Fee issues arose for some Wells Fargo clients even when they had a pricing agreement. The bank agreed within the past 18 months to a specified rate with data-management firm Veritas Technologies LLC, according to bank employees. After making one trade on behalf of Veritas, Wells Fargo bankers told Veritas that the bank’s fee was 0.05 percentage point higher than the agreed rate, the employees say.
Unusually high fees
The result: The bank made an extra $50,000 on a $100 million trade, the employees say. Wells Fargo later made a refund to Veritas, according to people familiar with the matter. A Veritas spokeswoman declined to comment.
Wells Fargo’s foreign-exchange business also charged unusually high fees for trades with different currency conversions, known as “Bswift” transactions, current and former employees say.
“And if anybody did complain, it was an easy tap dance,” one former employee says. He says employees would say the pricing had been done automatically by the bank’s computer system so “there’s no accountability for the spread.”
Wells Fargo sent an internal email Nov. 2 detailing new guidelines for Bswift transactions, according to a copy of the email reviewed by the Journal. The guidelines include specific handling and pricing procedures for those trades.
The operation also charged high fees to other parts of Wells Fargo. Wells Fargo Rail, which leases locomotives and railcars, and the bank’s corporate-trust division are often charged 1% to 1.5% on currency transactions, according to current and former employees.
The bank’s foreign-exchange management often celebrated big trades and the money they made for the bank, the current and former employees say. Sara Wardell-Smith, who led the foreign-exchange group, emailed the group to hail big trades, naming clients and spelling out revenue generated. The employees say managers used to encourage employees to ring a brass bell in the San Francisco office when the bank made a lot of money on a trade.

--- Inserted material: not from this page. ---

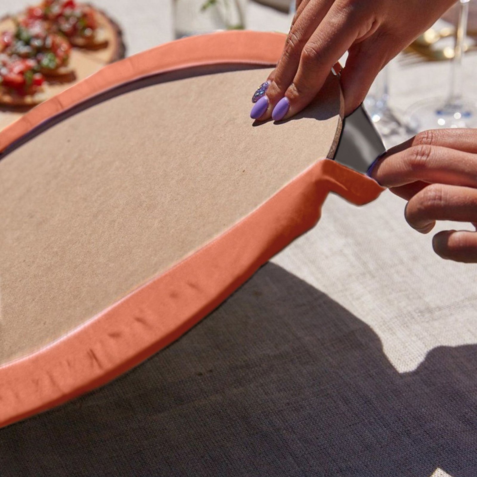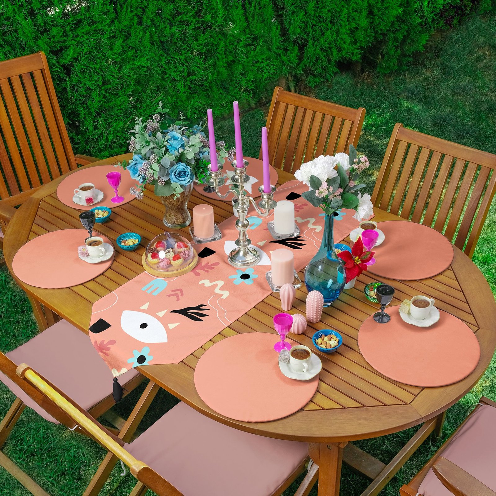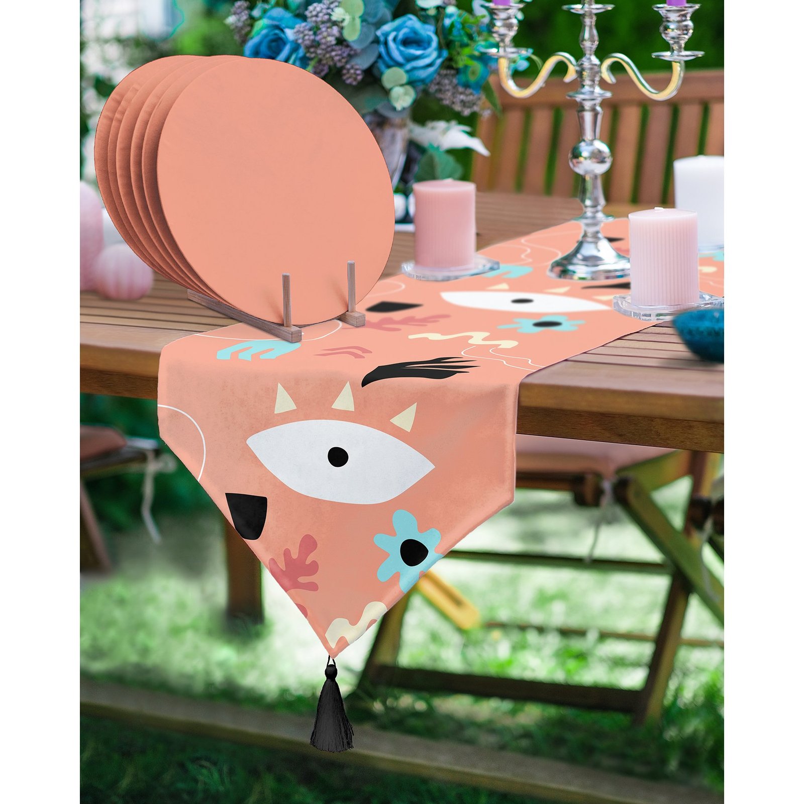 Realhomes Turuncu Zemin Onedraw Motifli Püsküllü Runner & 6’lı Terra Düz Renk Supla – Servis Altlığı

In mid-October, the bank announced that Ms. Wardell-Smith would lead its financial institutions group in the Americas region, according to a memo reviewed by the Journal and confirmed by a bank spokeswoman.
Current employees say the move was viewed within Wells Fargo as a demotion, coming just months after Ms. Wardell-Smith had been promoted to co-lead the bank’s division focusing on trading of rates, currencies and commodities. She didn’t respond to requests for comment.
The other co-leader, Ben Bonner, now leads that group on his own and is overseeing foreign-exchange trading, a bank spokeswoman confirms.
Mr. Bonner has been working with other executives to fix the problems in the currency business, according to several current employees.
Last month, the bank sent a memo to foreign-exchange employees that instructs them not to create informal or oral pricing agreements. The memo, reviewed by the Journal, also said employees are “responsible for ensuring customers are not misled regarding” pricing.
Current and former employees say some Wells Fargo employees expressed concerns about pricing practices to top executives before the bank’s internal cleanup efforts began earlier this year. Some employees say they were reluctant to press for sweeping changes, citing what they saw happen to one manager in the foreign-exchange operation about a decade ago.
During a meeting of foreign-exchange managers in the mid-2000s, Cathy Witt said it wasn’t right to celebrate high fees by ringing a bell, people familiar with the situation say. Ms. Witt, an employee in the bank’s Chicago foreign-exchange group, warned that Wells Fargo could become known as a “bucket shop,” a derisive term for a disreputable finance firm, some of the people say.
A few weeks later, Ms. Witt was summoned to a meeting in St. Louis, told that her comments had been offensive and demoted on the spot, according to people familiar with the matter. She also was told to apologize to other managers for her unprofessional behavior, the people say. She later left the bank.